— Нагнись, — сказал мне друг, — посмотри! Видишь, как решетка прогорела!..
Действительно, толстые прутья над огнем прогнулись вниз и висели пузырем. Из топки несло таким ослепительным жаром, так вспухли на поленьях круглые узлы углей, такая никогда не надоедающая, жизнеутверждающая драма открытой печной дверцы разыгрывалась в этом театре, что, покажи мне сейчас атомный реактор, — я бы плюнул в его ничтожную и бездарную, подражательную форму.
— Веришь ли, — сказал Гоги, не переставая орудовать, но успев ясно улыбнуться так, что его округлившиеся медные щеки поедали зайчики, отразив свет очага. — Веришь ли, — сказал он с гордостью пацифиста, — три месяца уже не гаснет огонь в этом очаге.
Я верил.
Да и чему тут было не верить? Этому огню? Этой половине поросенка, висевшей на крюке на том единственном столбе, которого не касались стенки, на колонне этого храма? Этой пьяной свинье, матери моих шашлыков, копавшейся на узкой полоске между заводом и оврагом, однако в овраг не падавшей? Этим мирным труженикам, устроившим свой заслуженный пир за узким столом, уместившимся в уголке храма, как притвор? Этим трудовым мирянам, пившим и беседовавшим так ровно и достойно, как не мог бы быть достоин ни один лорд, столько же выпив? Этому шашлыку, отрезанному на моих глазах от ноги недавно бегавшего здесь же поросенка? Этому вину цвета осеннего листа? Тем более что это было даже еще не вино, а материал вина, то есть натура невинная, не искаженная обучением и выслугой лет. Не верить „материалу“ вина? Этим четырем столбам? Этой медной крышке? Этой крыше от дождя или этому небу в дырке этой крыши? Тому виду сквозь отсутствующую дверь на высшие грузинские горы, не упрекавшие нас, однако, ни в чем, потому что мы ни на что не посягали? Этим горам? Моему другу? Гоги, наконец? Нет, я не мог не верить Гоги!..

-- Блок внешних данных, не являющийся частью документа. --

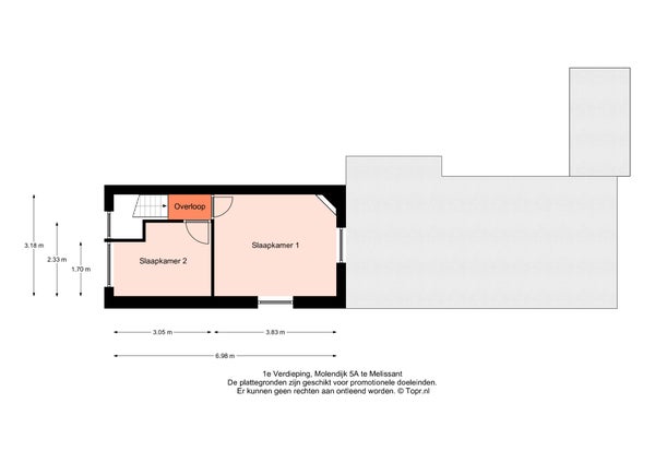 Op de eerste verdieping vindt u een kleine slaapkamer. Daarnaast is er nog een ruimere kamer aanwezig met toegang tot het dak.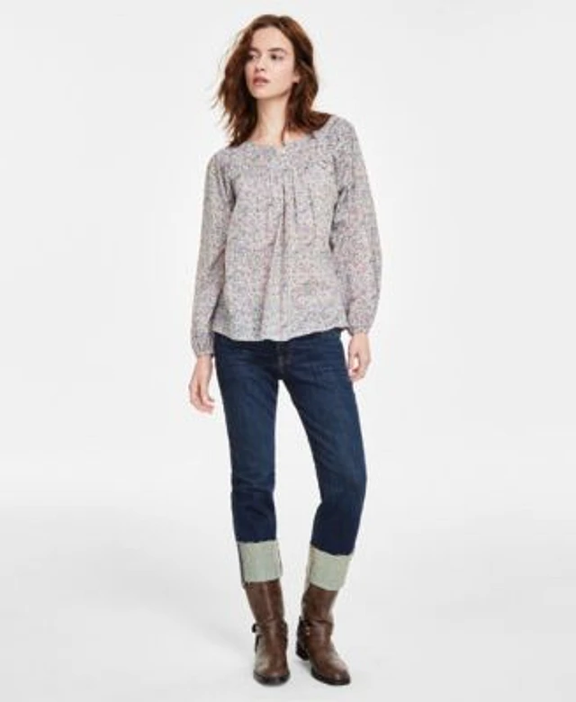 Lucky Brand Womens Smocked Blouse Sweet Crop Jeans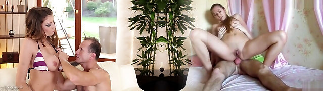 Luna Star and Rose enjoy amazing four-way fuck-fest in the living room

Потому что единственная вещь, которой я мог бы не поверить, которую все-таки отыскал мой завистливый глаз, — был розовый выключатель, приспособленный к столбу: на электричество Гоги все-таки пошел, с электричеством как-никак удобнее стоять ночную вахту. И вот этот единственный предмет, четкой и окончательной формы, был груб и как-то неровен, что ли, в этом наспех, криво и кое-как сколоченном корабле мира, этой утлой ладье счастья, в этом дирижабле после седьмого стакана! Я не буду обращать более свой взор на тот предмет: жизнь так прекрасна — пусть мелкой души человек так же не любит нас, как мы его жалеем! ибо его нет с нами.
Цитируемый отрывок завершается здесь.